┌──

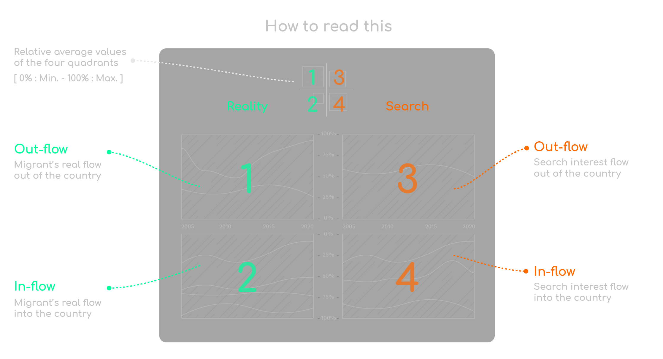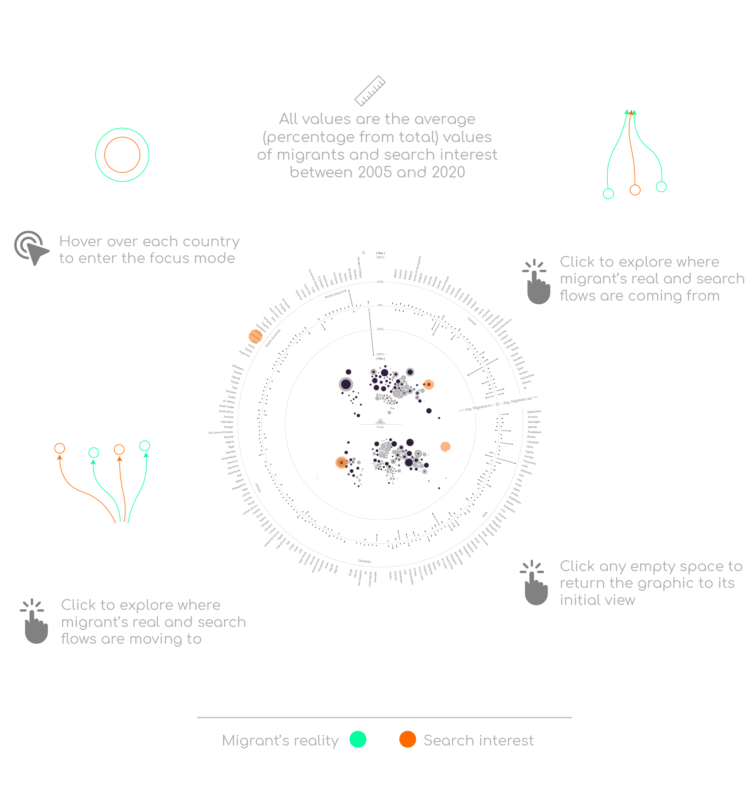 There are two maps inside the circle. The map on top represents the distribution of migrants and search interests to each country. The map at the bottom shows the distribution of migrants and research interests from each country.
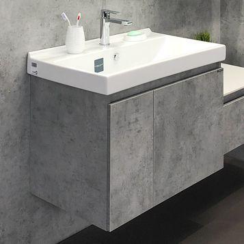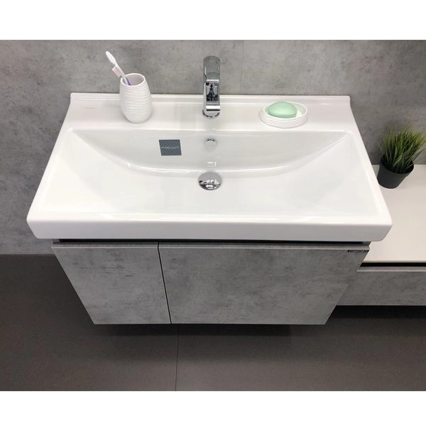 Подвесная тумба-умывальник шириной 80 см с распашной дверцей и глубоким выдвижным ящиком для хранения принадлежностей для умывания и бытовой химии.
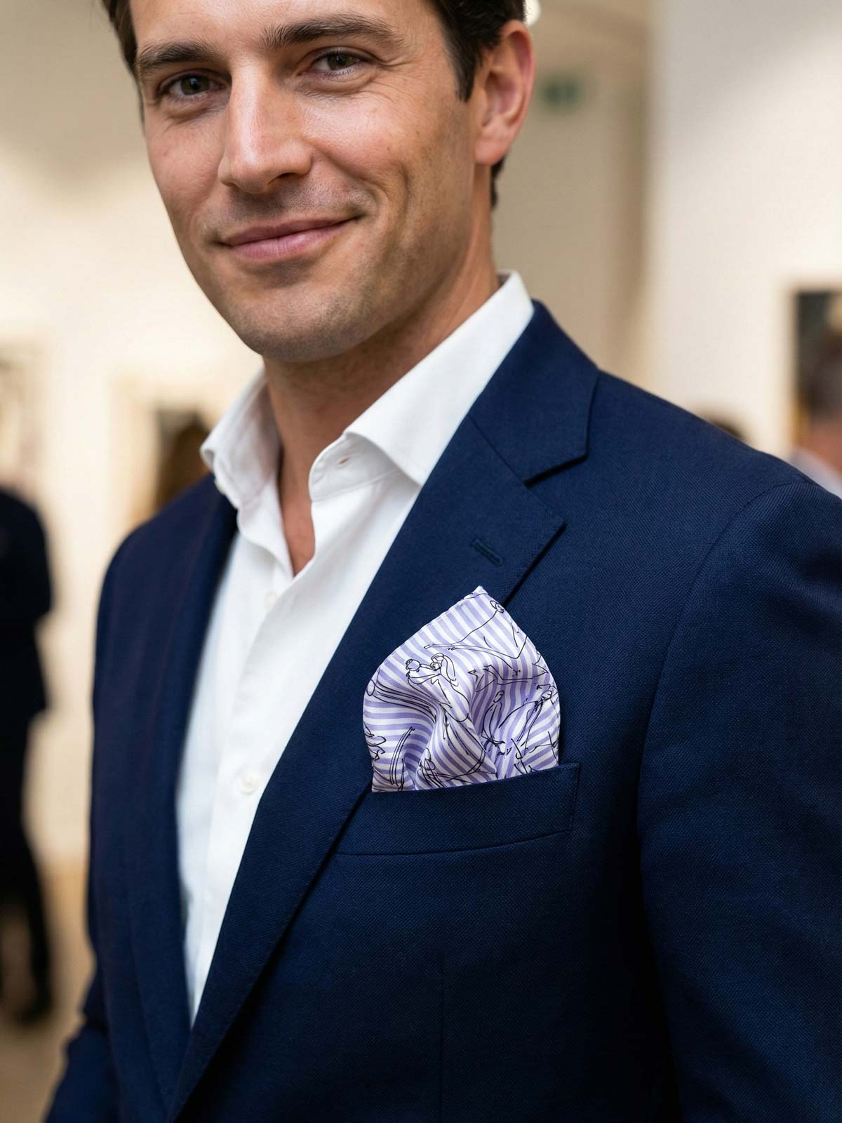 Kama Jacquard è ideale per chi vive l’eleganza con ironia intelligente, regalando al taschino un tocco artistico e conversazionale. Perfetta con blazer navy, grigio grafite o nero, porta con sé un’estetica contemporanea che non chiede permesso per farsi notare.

└──
┌──

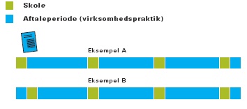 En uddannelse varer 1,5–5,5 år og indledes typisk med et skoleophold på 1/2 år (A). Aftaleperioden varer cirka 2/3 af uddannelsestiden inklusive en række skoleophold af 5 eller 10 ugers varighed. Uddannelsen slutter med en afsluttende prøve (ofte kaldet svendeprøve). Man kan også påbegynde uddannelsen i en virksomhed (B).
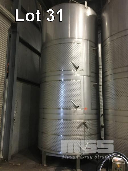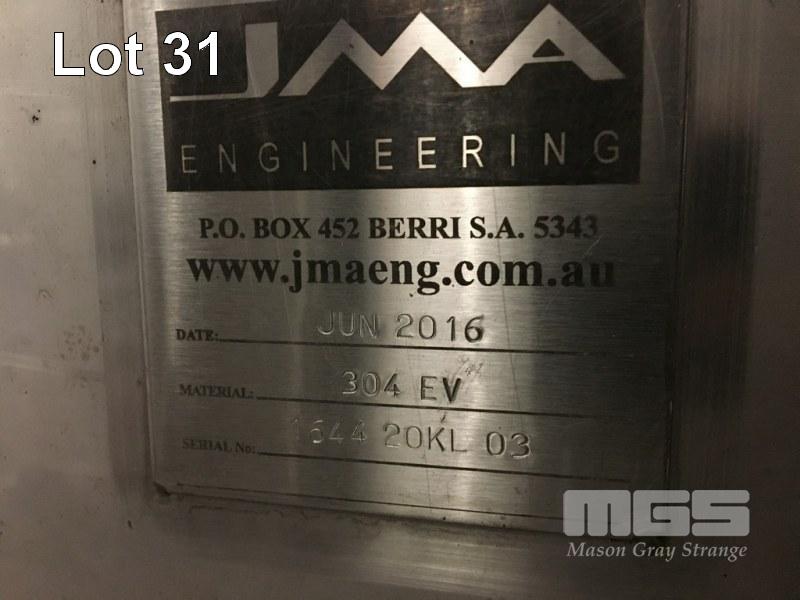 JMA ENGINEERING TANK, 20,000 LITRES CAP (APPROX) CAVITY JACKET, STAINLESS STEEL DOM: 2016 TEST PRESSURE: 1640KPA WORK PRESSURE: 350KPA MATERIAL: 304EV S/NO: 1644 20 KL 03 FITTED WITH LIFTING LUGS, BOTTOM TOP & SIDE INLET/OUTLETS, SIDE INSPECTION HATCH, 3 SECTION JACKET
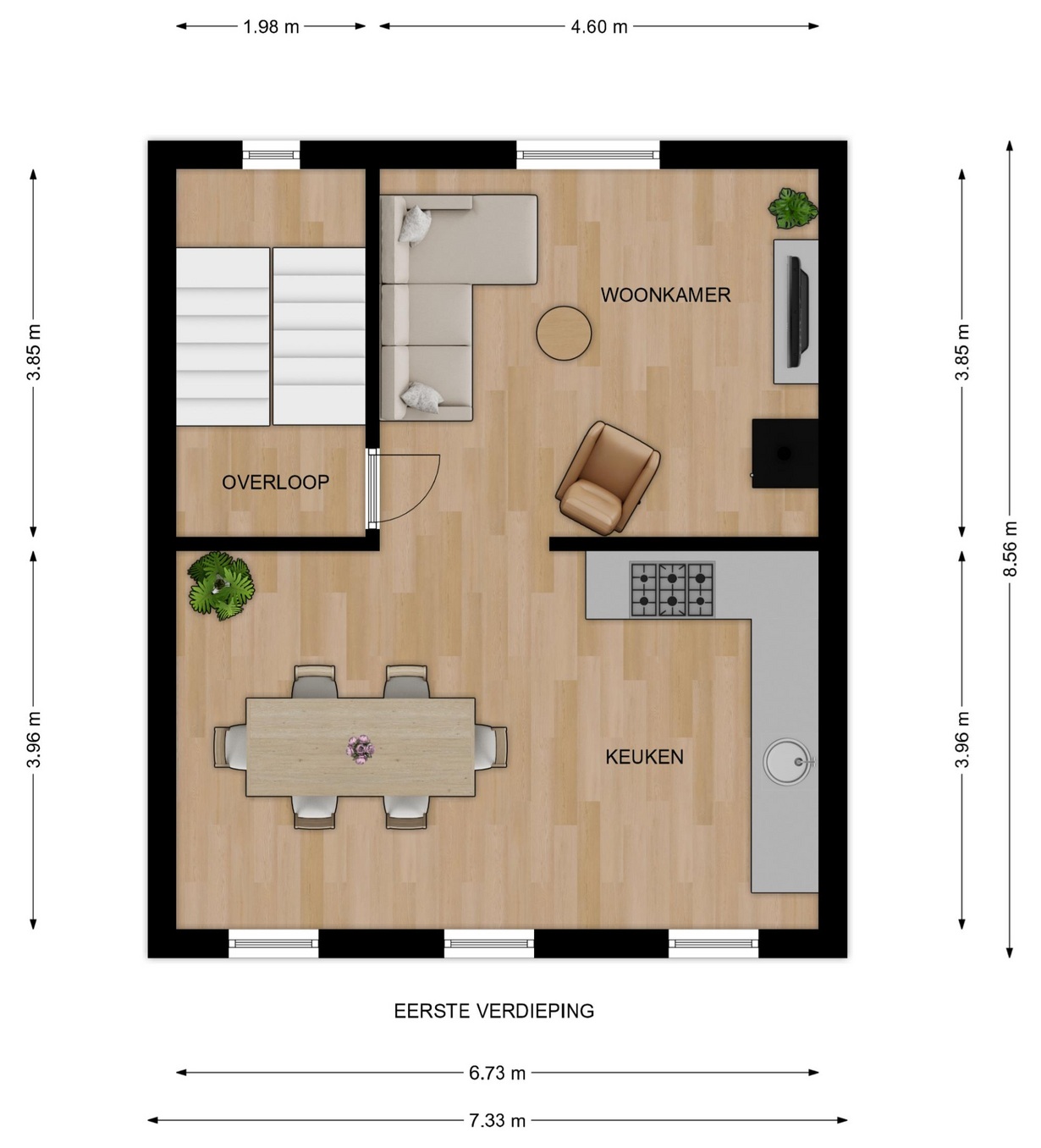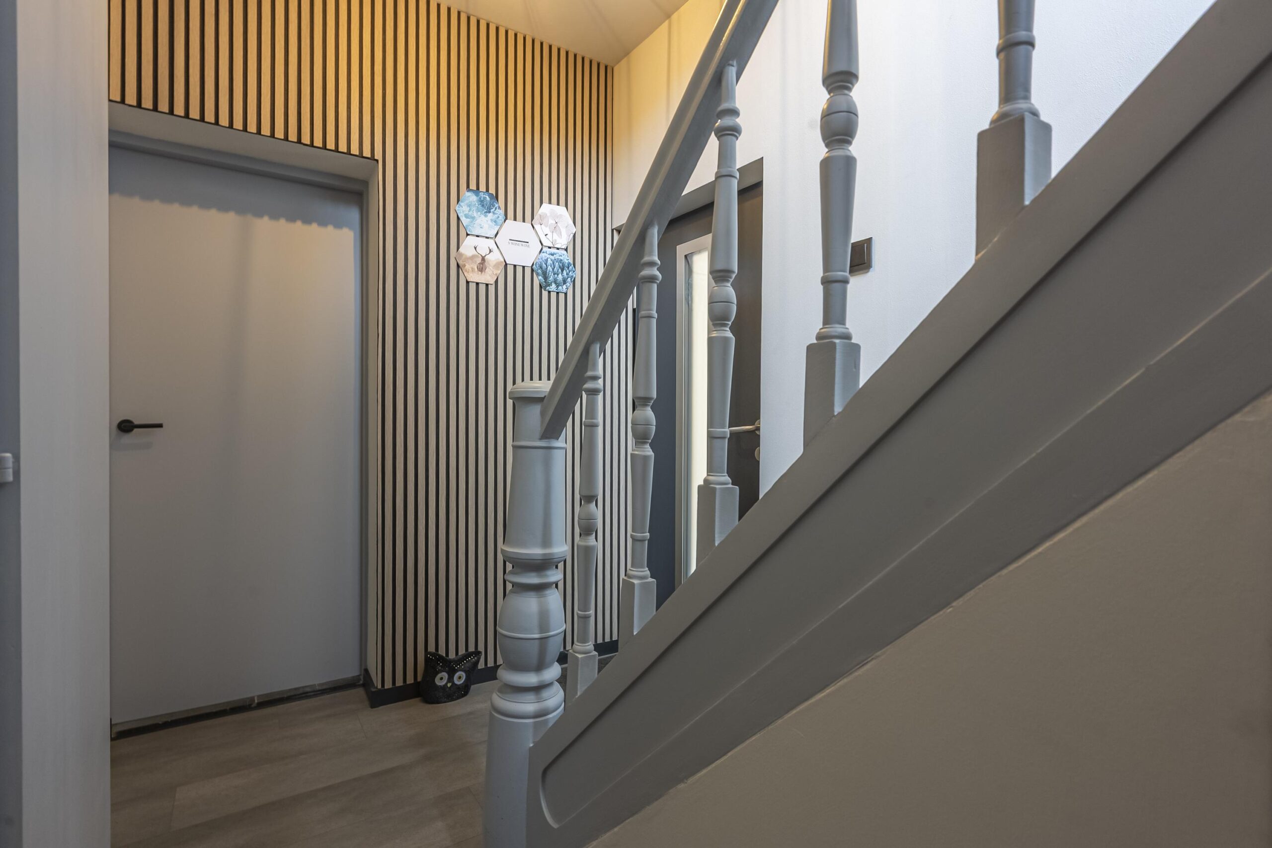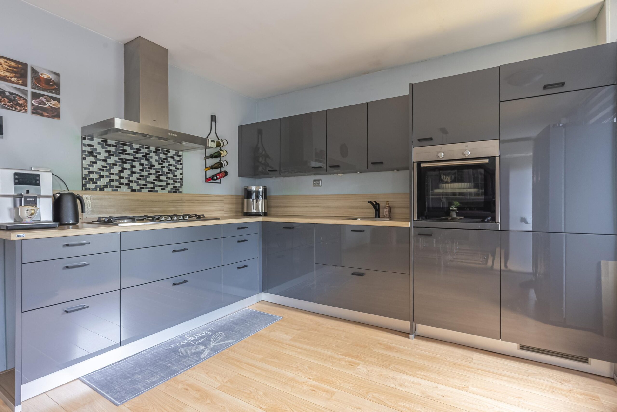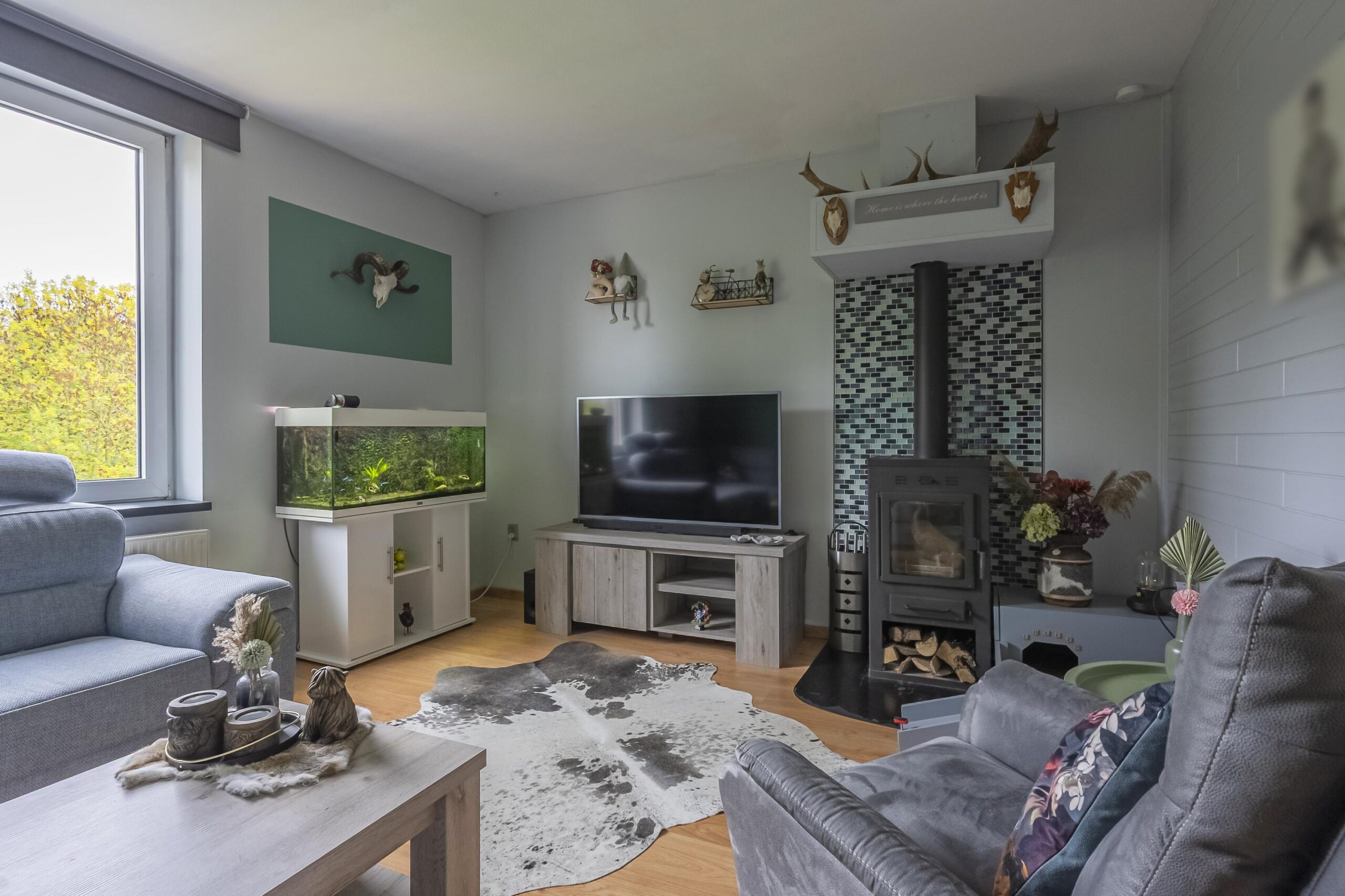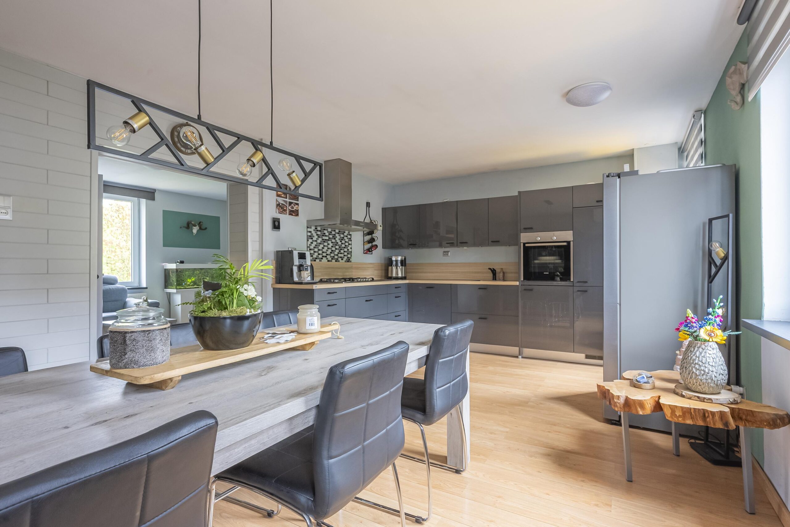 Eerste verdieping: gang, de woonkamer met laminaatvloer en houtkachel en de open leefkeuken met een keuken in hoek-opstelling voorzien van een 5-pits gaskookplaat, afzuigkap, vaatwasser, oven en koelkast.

└──

Within the listing above, the stretch from the line with "Подвесная тумба-умывальник шириной" down to the line with "Kama Jacquard è" is to be given again exactly, end lines included and pictures excluded.

> ANSWER TO THIS PROBLEM
 Подвесная тумба-умывальник шириной 80 см с распашной дверцей и глубоким выдвижным ящиком для хранения принадлежностей для умывания и бытовой химии.
 Kama Jacquard è ideale per chi vive l’eleganza con ironia intelligente, regalando al taschino un tocco artistico e conversazionale. Perfetta con blazer navy, grigio grafite o nero, porta con sé un’estetica contemporanea che non chiede permesso per farsi notare.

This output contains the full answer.